Department for Exiting the European Union

Department overview
- Formed: 14 July 2016
- Dissolved: 31 January 2020 23:00 GMT
- Superseding department: Cabinet Office; Foreign, Commonwealth and Development Office;
- Jurisdiction: United Kingdom
- Headquarters: 9 Downing Street, London, England
- Employees: 700+
- Minister responsible: Steve Barclay, Secretary of State for Exiting the European Union (Last);
- Department executive: Clare Moriarty, Permanent Secretary;
- Website: Official website

= Department for Exiting the European Union =

Former department of the UK Government

The Department for Exiting the European Union (DExEU; also known as the Department for Brexit or Brexit Department) was a department of the Government of the United Kingdom responsible for overseeing negotiations relating to Brexit, and establishing the future relationship between the United Kingdom and the EU. It was formed by the Prime Minister, Theresa May, in July 2016, in the wake of the referendum vote to leave the European Union. The department was dissolved on 31 January 2020 when Brexit took effect.

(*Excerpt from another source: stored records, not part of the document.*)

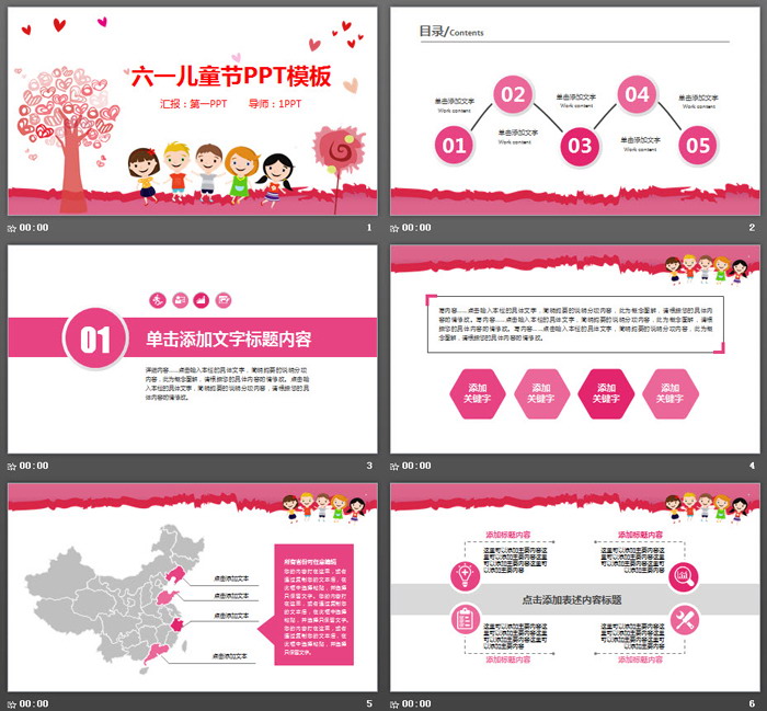 这是一套粉色卡通小朋友背景的,六一儿童节PPT模板,共27张;
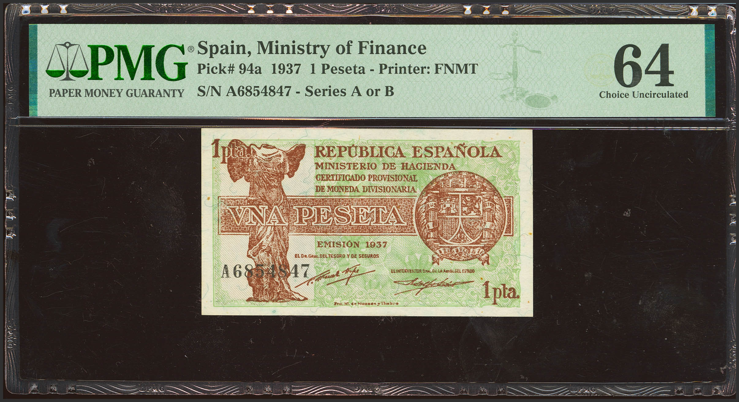 1 Peseta. 1937. Serie A. (Edifil 2023: 392, Pick: 94a). SC. Encapsulado PMG64.
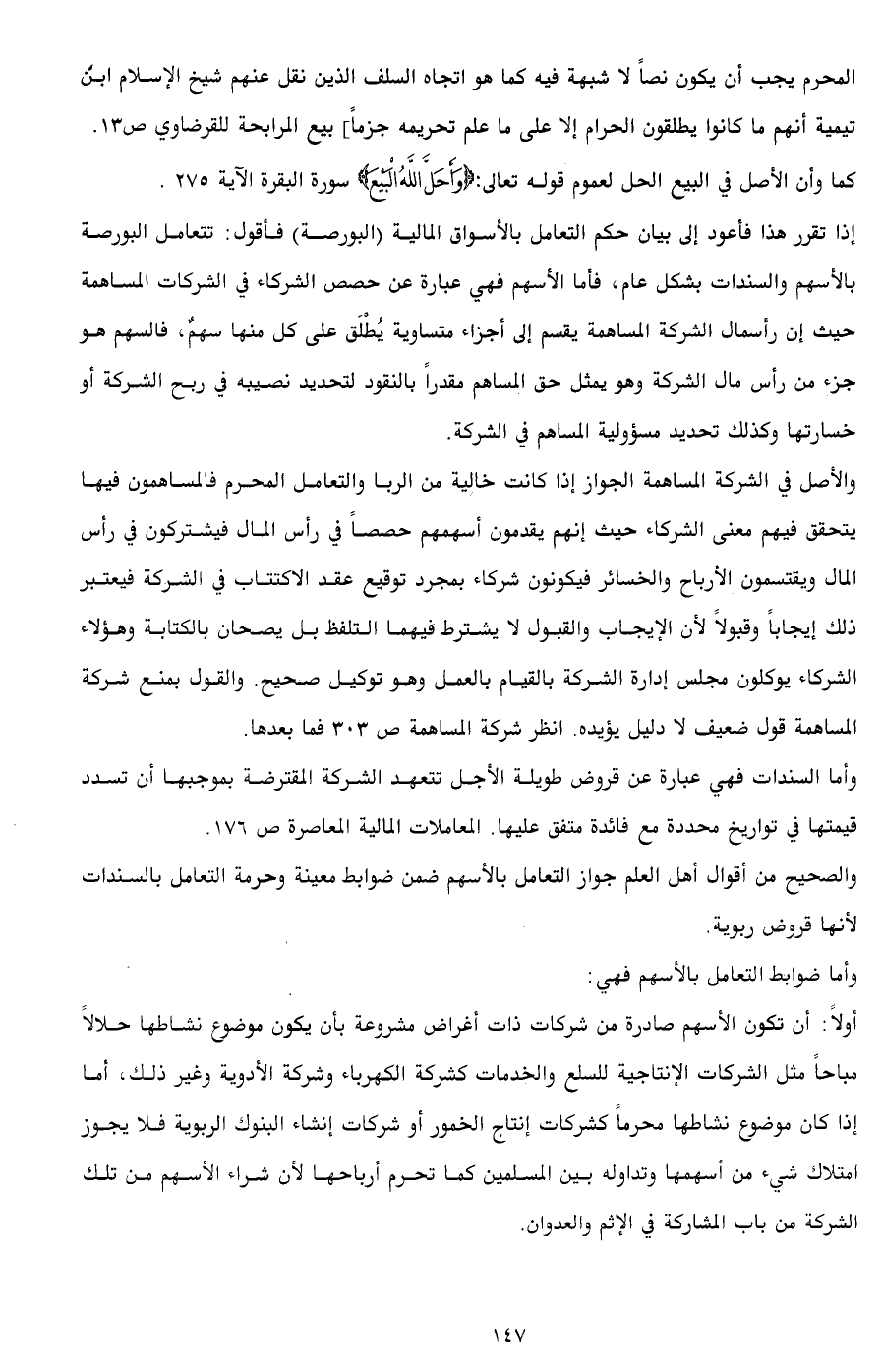 المحرم يجب أن يكون نصاً لا شبهة فيه كما هو اتجاه السلف الذين نقل عنهم شيخ الإسلام ابن تيمية أنهم ما كانوا يطلقون الحرام إلا على ما علم تحريمه جزماً] بيع المرابحة للقرضاوي ص13.

The department was formed by combining staff from the Cabinet Office’s Europe Unit, the Europe Directorate of the Foreign and Commonwealth Office, and the United Kingdom's Permanent Representation to the EU, and was able to take on staff from other government departments as necessary. The department was overseen by David Davis MP until he resigned on 8 July 2018. Dominic Raab was appointed as Secretary of State for Exiting the European Union on 9 July 2018, but resigned on 15 November 2018 over the draft withdrawal agreement. His replacement was announced on 16 November 2018 to be Steve Barclay.

== Responsibilities ==
The responsibilities of the department included:

1. Achieve the best possible outcome for the UK's departure from the EU; and build a new ambitious, deep and special future partnership between the UK and the EU.
2. Coordinate delivery and legislation across government, to ensure the UK is prepared for all scenarios, including a smooth transition to our future relationship with the European Union.
3. Engage with Parliament, Member States and interested parties at home and abroad to shape a successful exit from the EU and to help build an ambitious future relationship.

==Ministers==
The Ministers in the Department for Exiting the European Union were as follows:

| Minister | Rank | Portfolio |
|---|---|---|
| Steve Barclay MP | Secretary of State for Exiting the European Union | Overall responsibility for the work of the department; including work to support the UK's negotiations to leave the EU and to conduct the negotiations in support of the Prime Minister |
| Martin Callanan, Baron Callanan | Minister of State for Exiting the European Union | Departmental business in the House of Lords, EU ongoing business, general affairs council, JMC(E), civil society, and EU institutions |
| James Duddridge MP | Parliamentary Under-Secretary of State for Exiting the European Union | Legislation and constitution; citizens and networks (including justice, data and Near Neighbours); market access, trade and Future Economic Partnership; security; Northern Ireland and Ireland; business engagement (including SME champion); Devolved Administrations; English Regions; Overseas Territories and Crown Dependencies. |

The first Permanent Secretary at the department was Oliver Robbins. In September 2017, Robbins left the department as the prime minister appointed him the EU adviser in the Cabinet Office. In October 2017, Philip Rycroft was appointed the new Permanent Secretary, having previously been the department's Second Permanent Secretary. After his departure in March 2019, he was replaced by Clare Moriarty, previously Permanent Secretary of the Department for Environment, Food and Rural Affairs.

== Staff ==
In March 2018 government data stated the department had 636 full-time equivalent posts, rising to 651 in August 2018 (excluding contractors, management consultants and fast streamers) on an average (mean) monthly wage of £5,890 including allowances.